EXERCISE AIM = Give back, word for word, the lines in the listing below from the one holding "該菌株在pH值為2的培養(y" down to the one holding "You enter this", both ends included.

DATA TO EXAMINE =
- - - -

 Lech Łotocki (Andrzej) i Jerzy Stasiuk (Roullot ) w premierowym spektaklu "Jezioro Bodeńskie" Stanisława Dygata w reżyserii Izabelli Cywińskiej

- - - -

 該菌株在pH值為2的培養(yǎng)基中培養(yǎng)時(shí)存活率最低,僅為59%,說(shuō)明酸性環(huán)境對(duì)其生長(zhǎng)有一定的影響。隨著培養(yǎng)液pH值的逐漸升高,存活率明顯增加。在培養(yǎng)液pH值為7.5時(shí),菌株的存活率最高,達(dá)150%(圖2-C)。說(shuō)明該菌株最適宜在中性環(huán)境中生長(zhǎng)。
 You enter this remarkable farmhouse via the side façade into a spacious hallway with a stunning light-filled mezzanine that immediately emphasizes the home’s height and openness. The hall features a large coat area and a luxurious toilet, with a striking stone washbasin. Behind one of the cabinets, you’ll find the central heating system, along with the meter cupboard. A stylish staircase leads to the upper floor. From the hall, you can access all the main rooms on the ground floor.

- - - -

TASK RESPONSE =
 該菌株在pH值為2的培養(yǎng)基中培養(yǎng)時(shí)存活率最低,僅為59%,說(shuō)明酸性環(huán)境對(duì)其生長(zhǎng)有一定的影響。隨著培養(yǎng)液pH值的逐漸升高,存活率明顯增加。在培養(yǎng)液pH值為7.5時(shí),菌株的存活率最高,達(dá)150%(圖2-C)。說(shuō)明該菌株最適宜在中性環(huán)境中生長(zhǎng)。
 You enter this remarkable farmhouse via the side façade into a spacious hallway with a stunning light-filled mezzanine that immediately emphasizes the home’s height and openness. The hall features a large coat area and a luxurious toilet, with a striking stone washbasin. Behind one of the cabinets, you’ll find the central heating system, along with the meter cupboard. A stylish staircase leads to the upper floor. From the hall, you can access all the main rooms on the ground floor.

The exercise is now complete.